犯罪被害者と同性の者が、犯罪被害者等給付金の支給等による犯罪被害者等の支援に関する法律5条1項1号括弧書きにいう「婚姻の届出をしていないが、事実上婚姻関係と同様の事情にあった者」に該当し得るとした例
(最高裁第三小法廷令和6年3月26日判決・家庭の法と裁判52巻48頁)
【事案の概要】
平成6年頃 | 上告人X(男性)は犯罪被害者(男性)との交際開始、この頃同居も開始 |
平成26年12月22日 | 第三者の犯罪行為により被害者死亡 |
平成28年12月 | Xが、犯罪被害者等給付金の支給等による犯罪被害者等の支援に関する法律(以下「犯給法」という)5条1項1号括弧書きにいう「婚姻の届出をしていないが、事実上婚姻関係と同様の事情にあった者」(以下「本件対象者」という)にあたるとして遺族給付金の支給の裁定を申請 |
平成29年12月 | 愛知県公安委員会から遺族給付金を支給しないとの裁定 →Xは愛知県に対して裁定の取消しを求めた |
令和2年6月4日 | 一審名古屋地判決:Xの請求棄却 |
令和4年8月26日 | 原審名古屋高裁判決:Xの控訴棄却 |
【争点】
- ① 犯給法5条1項5号括弧書きの本件対象者は、婚姻の届出ができる関係であることが前提であり、犯罪被害者と同性の者は該当しないのか
- ② 上記①で同性の者が該当しないとすると、犯給法5条1項1号は憲法14条1項等に反するか
【裁判所の判断】
争点①について、以下のように述べて原判決を破棄し、Xが被害者との間で本件対象者に該当するか否かにつき審理を尽くすよう、原審に差し戻した。

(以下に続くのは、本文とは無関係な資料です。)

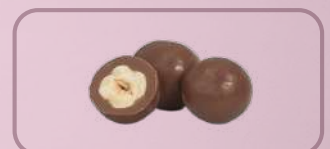
Código: 38033 Avellanas con chocolate

38018 Esferitas Frutales 14 kg. 38003 Piedritas . 38014 Grageas 38004 Lentejas Frutales 38001 Huesitos Frutales 38035 Mini Bananas Frutales 38038 Mini Bananas Amarillas 38009 Huesito Chocolate
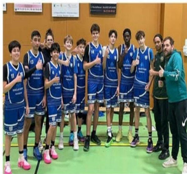
Les 15 ans garçons A se sont qualifiés en Régional 3 à l'issue de la première phase de championnat. Ils se rendront à Bourg-en-Bresse ce samedi.

C'est le nombre de licenciés au Rhodia basket. Une légère baisse des effectifs due à la disparition d'une équipe féminine et de la section du baby-basket.
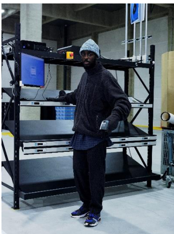
FLEECE JACKET ¥12,989 FLANNEL SHIRT ¥11,990 Twill SLACKS ¥8,999 KNIT CAP ¥2,990 MITTENS ¥3,990

- 犯罪被害者等給付金の支給制度の目的は、犯罪行為により不慮の死を遂げた者等の精神的、経済的打撃を早期に軽減するなどし、もって犯罪被害等を受けた者の権利利益の保護が図られる社会の実現に寄与することであり、犯給法5条1項1号の解釈にあたっては同目的を十分に踏まえる必要がある。

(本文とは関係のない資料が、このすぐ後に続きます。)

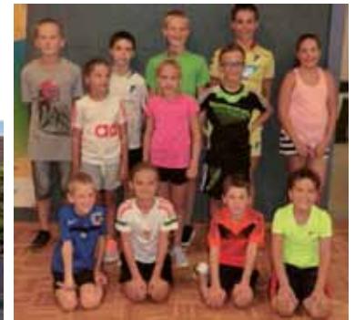
SVO - Nachmittag bei den Gewichthebern

- 犯給法5条1項1号が括弧書きで本件対象者を掲げているのも、婚姻の届出をしていないため民法上の配偶者に該当しない者であっても、犯罪被害者との関係や共同生活の実態等に鑑み、事実上婚姻関係と同様の事情にあったといえる場合には、犯罪被害者の死亡により、民法上の配偶者と同様に精神的、経済的打撃を受けることが想定され、その早期の軽減等を図る必要性が高いと考えられるからである。こうした打撃を受け、その軽減等を図る必要性が高いと考えられる場合があることは、犯罪被害者と共同生活を営んでいた者が、犯罪被害者と異性であるか同性であるかによって直ちに異なるものとはいえない。犯罪被害者と同性の者であることのみをもって本件対象者に該当しないとすることは、犯給法5条1項1号括弧書きの趣旨に照らして相当でないし、また、本件対象者に犯罪被害者と同性の者が該当し得ると解しても文理に反するとはいえない。
よって、犯罪被害者と同性の者は、犯給法5条1項1号括弧書きにいう本件対象者に該当し得ると解するのが相当である。(補足意見、反対意見あり)
【コメント】
補足意見にあるように、本判決はあくまで犯給法の受給権者にかかる解釈を示したもので、同一または類似の文言が用いられている法令の規定については個別に当該規定の趣旨に照らして解釈されるべきとされており、『いわゆる同性婚を認める』等と判断したものではない。